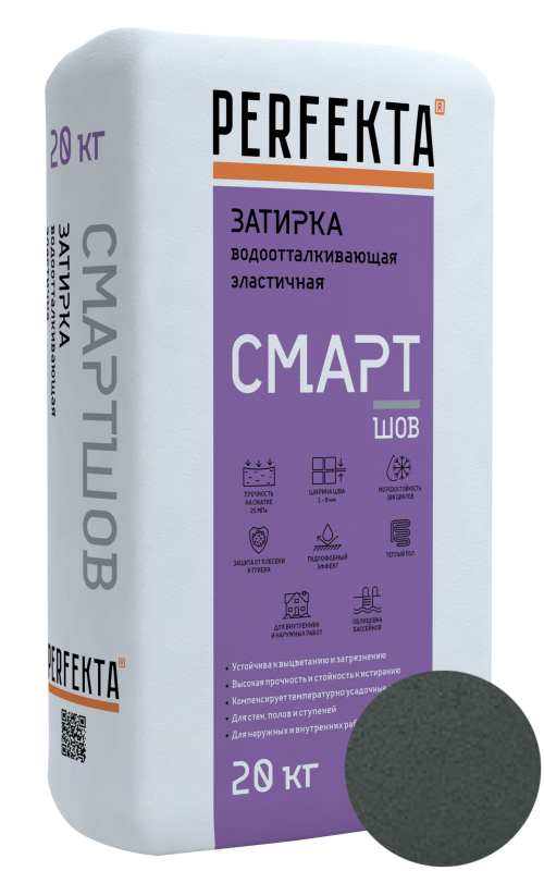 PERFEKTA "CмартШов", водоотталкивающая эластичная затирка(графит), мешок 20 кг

_ _ _ _ _ _ _

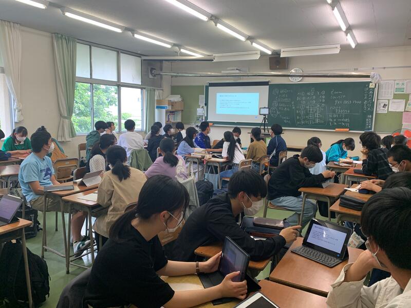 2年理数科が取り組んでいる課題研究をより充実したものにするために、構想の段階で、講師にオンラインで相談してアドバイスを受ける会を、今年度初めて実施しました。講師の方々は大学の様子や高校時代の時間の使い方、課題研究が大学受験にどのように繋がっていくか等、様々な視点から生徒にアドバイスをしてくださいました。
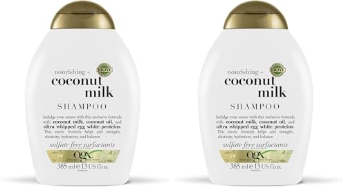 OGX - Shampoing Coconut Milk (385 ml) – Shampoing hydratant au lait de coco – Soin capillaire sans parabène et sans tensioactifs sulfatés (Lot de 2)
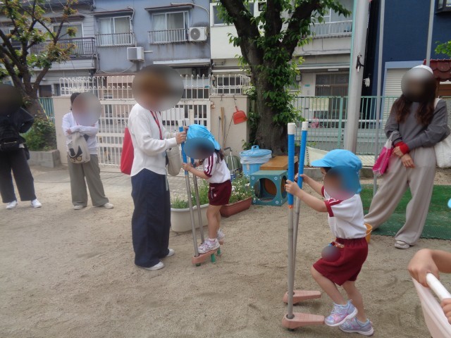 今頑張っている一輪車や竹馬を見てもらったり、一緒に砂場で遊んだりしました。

_ _ _ _ _ _ _

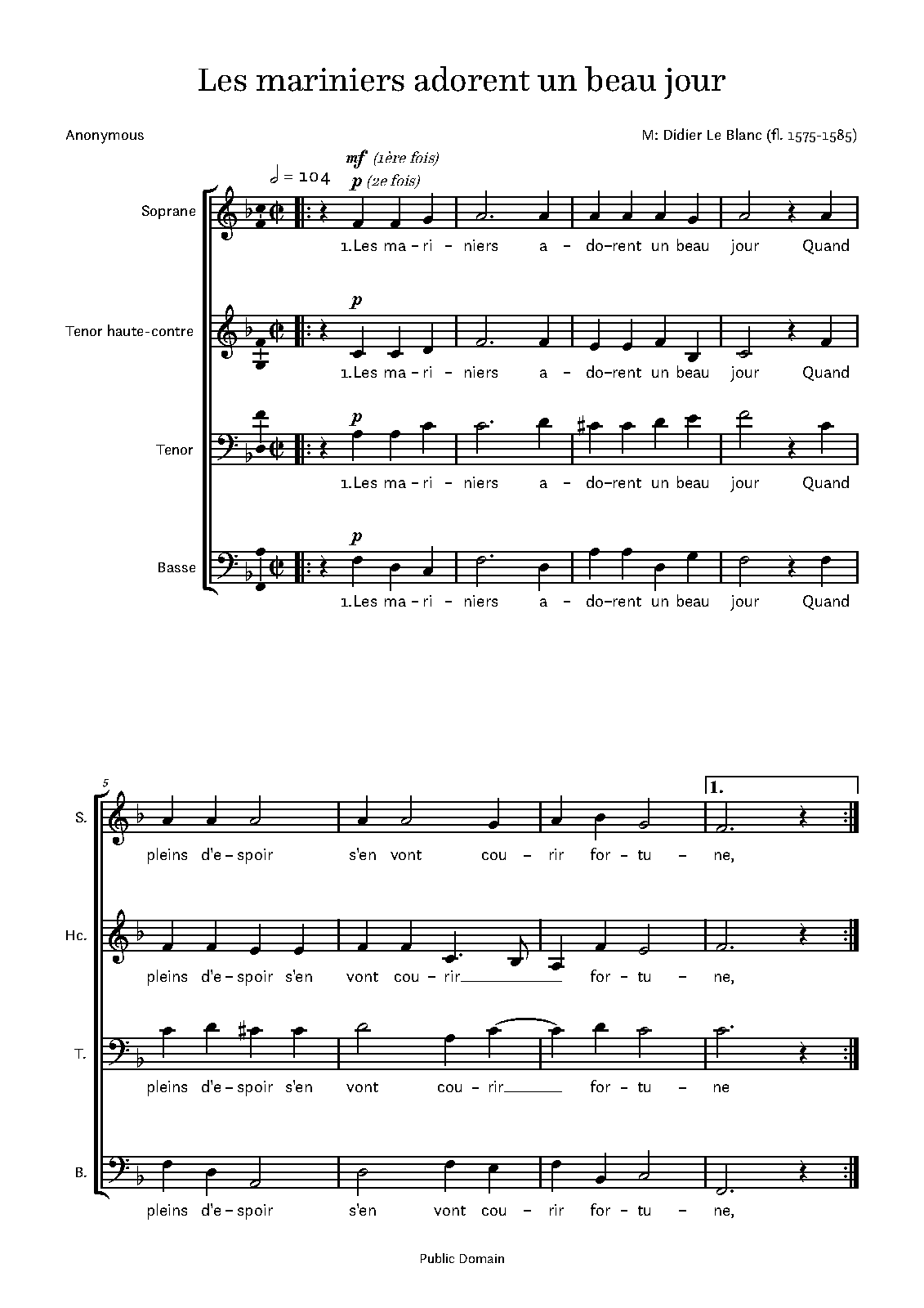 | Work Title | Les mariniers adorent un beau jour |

_ _ _ _ _ _ _

- [Assigned task] Reproduce the data above exactly, but only from the line containing "2年理数科が取り組んでいる課" through the line containing "今頑張っている一輪車や竹馬を見てもらったり、一緒に砂場で遊んだりしました。"; skip the pictures.

- [Answer to this exercise]
 2年理数科が取り組んでいる課題研究をより充実したものにするために、構想の段階で、講師にオンラインで相談してアドバイスを受ける会を、今年度初めて実施しました。講師の方々は大学の様子や高校時代の時間の使い方、課題研究が大学受験にどのように繋がっていくか等、様々な視点から生徒にアドバイスをしてくださいました。
 OGX - Shampoing Coconut Milk (385 ml) – Shampoing hydratant au lait de coco – Soin capillaire sans parabène et sans tensioactifs sulfatés (Lot de 2)
 今頑張っている一輪車や竹馬を見てもらったり、一緒に砂場で遊んだりしました。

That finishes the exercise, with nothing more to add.